Paolo Cedolin Petrini, réalisateur : Oui, car je me pose des questions sur l’acceptation de l’homosexualité dans la société. Mais ce court-métrage s’adapte à toutes les situations. Là, on parle d’homosexualité, mais ça s’adapte avec le racisme, les migrants, les trans... J’espère sincèrement avoir réussi à interpeller le spectateur. 

Beaucoup de films parlent aujourd’hui de l’homosexualité. La culture aide-t-elle à réduire les a priori ?
La culture aide, oui. On a de la chance de vivre dans un monde aussi ouvert, c’est de l’espoir pur. Je suis persuadé que dans 50-80 ans ce sera différent. Je me souviens de ma mère qui me racontait la situation dans les années 80 et ça choque vraiment. 

Olivier Bordin joue très bien son rôle, on ressent beaucoup d’émotion face à sa prestation. Vous le connaissiez avant le projet ?
Non, je ne le connaissais pas. J’ai organisé des castings et c’est là que j’ai rencontré Olivier. Il faut être honnête, je pense qu’on choisit les acteurs par rapport à leur image et leur physique. Pour Olivier, j’ai tout de suite remarqué ses yeux. Il a d’énormes yeux bleus.
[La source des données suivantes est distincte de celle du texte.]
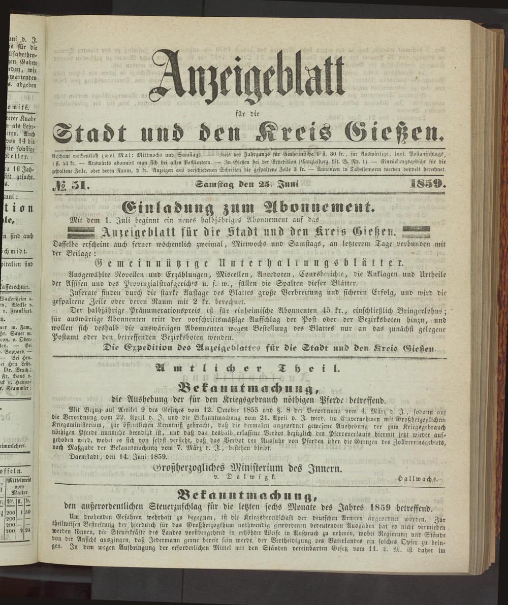 Anzeigeblatt für die Provinzialhauptstadt Gießen. 1840-1867

En plus, son personnage ne parle pas, il me fallait donc un acteur expressif au niveau des yeux ! Et Olivier a relevé aisément le défi. 
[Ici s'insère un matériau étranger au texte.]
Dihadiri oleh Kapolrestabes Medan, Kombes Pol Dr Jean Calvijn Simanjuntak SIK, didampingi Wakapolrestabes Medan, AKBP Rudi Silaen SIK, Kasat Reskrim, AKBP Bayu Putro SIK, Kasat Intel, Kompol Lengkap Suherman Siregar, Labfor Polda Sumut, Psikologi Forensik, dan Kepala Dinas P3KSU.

Vous êtes un réalisateur assez méconnu et pourtant vous avez déjà beaucoup de courts et longs métrages à votre actif ?
Oui, tout à fait ! J’ai démarré en trombe avec un long-métrage quand j’étais encore en deuxième année à l’École Supérieure de Réalisation audiovisuelle (ESRA) à Paris. Avec tous mes potes de la promo, on s’est mis à écrire ce long-métrage qui s’appelait Incompatibles. On est descendus à Monaco pour tourner et on a eu beaucoup de chance ! On nous a prêté une chambre à l’hôtel Fairmont Monte-Carlo, une Aston Martin, des vêtements pour les acteurs... J’ai été vraiment surpris ! Et on a eu la chance d’avoir la participation de Roger Moore (ancien James Bond, disparu en mai dernier, NDLR). Puis j’ai fait un court-métrage qui s’intitulait Are You Happy, qui est un peu plus dramatique. 
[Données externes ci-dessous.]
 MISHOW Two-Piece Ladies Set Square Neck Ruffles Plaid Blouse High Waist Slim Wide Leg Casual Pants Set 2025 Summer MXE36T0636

Et maintenant, quels sont vos projets ? 

Je finis la postproduction d’un nouveau court-métrage qui s’intitule L’Âge d’or. C’est un film comique et on a eu la chance d’avoir la participation de Chantal Ladesou grâce à mon meilleur ami qui a joué avec elle dans Bonne Pomme

 

"Je suis normal", un film de Paolo Cedolin Petrini avec Olivier Bordin, Mathilde Ripley, Owen Cukier et Marine Morot.